■ **Aim of the exercise**
Please repeat, exactly and without pictures, the lines of the entries below that run from the one containing "A Rede Band" through the one containing "Bring retro service-station".
--- Data to use ---
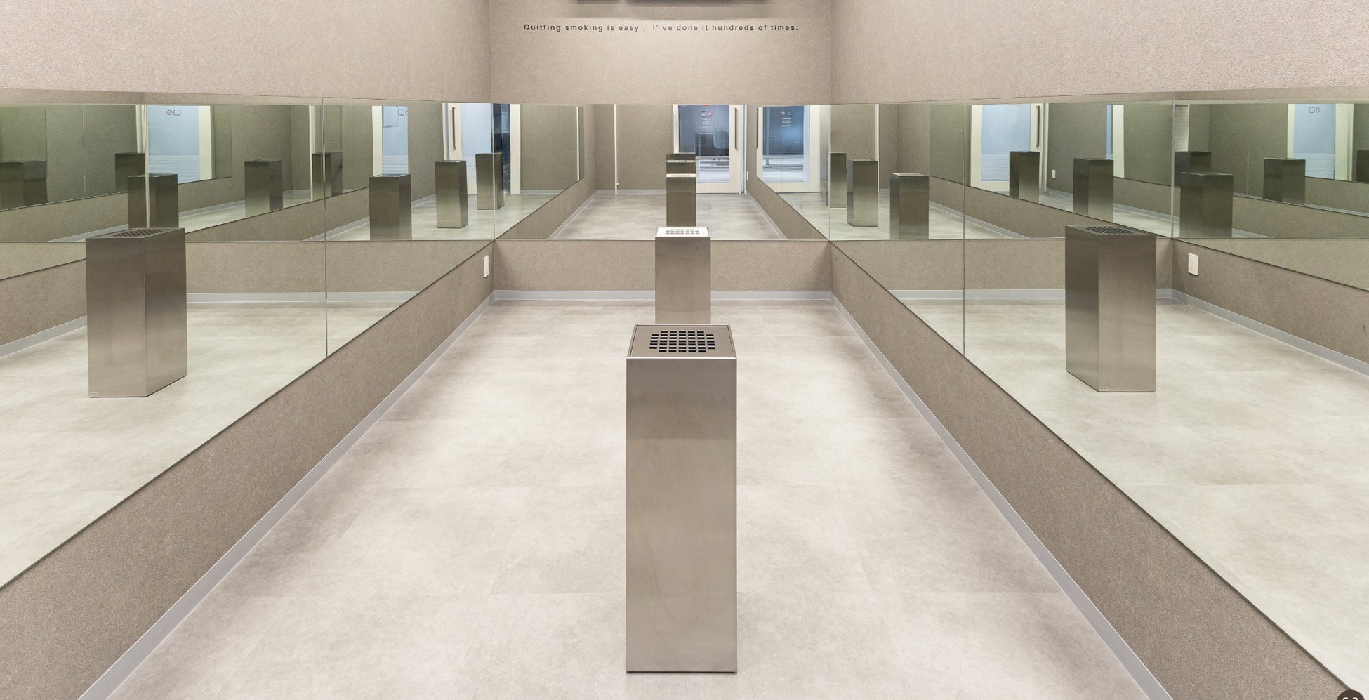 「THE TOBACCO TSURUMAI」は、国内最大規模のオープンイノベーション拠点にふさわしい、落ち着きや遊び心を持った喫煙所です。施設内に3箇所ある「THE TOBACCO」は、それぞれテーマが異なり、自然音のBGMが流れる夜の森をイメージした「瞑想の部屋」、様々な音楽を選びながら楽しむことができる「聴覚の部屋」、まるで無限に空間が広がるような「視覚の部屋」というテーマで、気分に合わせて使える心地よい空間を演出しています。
---
--- Data to use ---
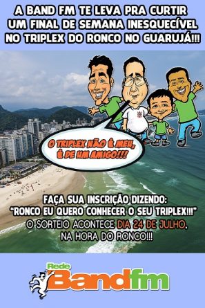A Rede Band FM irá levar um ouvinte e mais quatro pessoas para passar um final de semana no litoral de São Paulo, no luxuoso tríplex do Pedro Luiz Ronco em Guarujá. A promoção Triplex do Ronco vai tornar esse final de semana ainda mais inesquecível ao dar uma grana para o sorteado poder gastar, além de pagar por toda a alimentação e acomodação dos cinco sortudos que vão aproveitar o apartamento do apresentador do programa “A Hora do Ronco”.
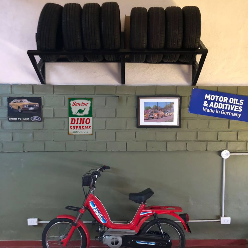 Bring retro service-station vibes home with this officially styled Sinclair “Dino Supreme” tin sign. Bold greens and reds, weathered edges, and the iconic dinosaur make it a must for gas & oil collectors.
---
■ **Solution for this task**
A Rede Band FM irá levar um ouvinte e mais quatro pessoas para passar um final de semana no litoral de São Paulo, no luxuoso tríplex do Pedro Luiz Ronco em Guarujá. A promoção Triplex do Ronco vai tornar esse final de semana ainda mais inesquecível ao dar uma grana para o sorteado poder gastar, além de pagar por toda a alimentação e acomodação dos cinco sortudos que vão aproveitar o apartamento do apresentador do programa “A Hora do Ronco”.
 Bring retro service-station vibes home with this officially styled Sinclair “Dino Supreme” tin sign. Bold greens and reds, weathered edges, and the iconic dinosaur make it a must for gas & oil collectors.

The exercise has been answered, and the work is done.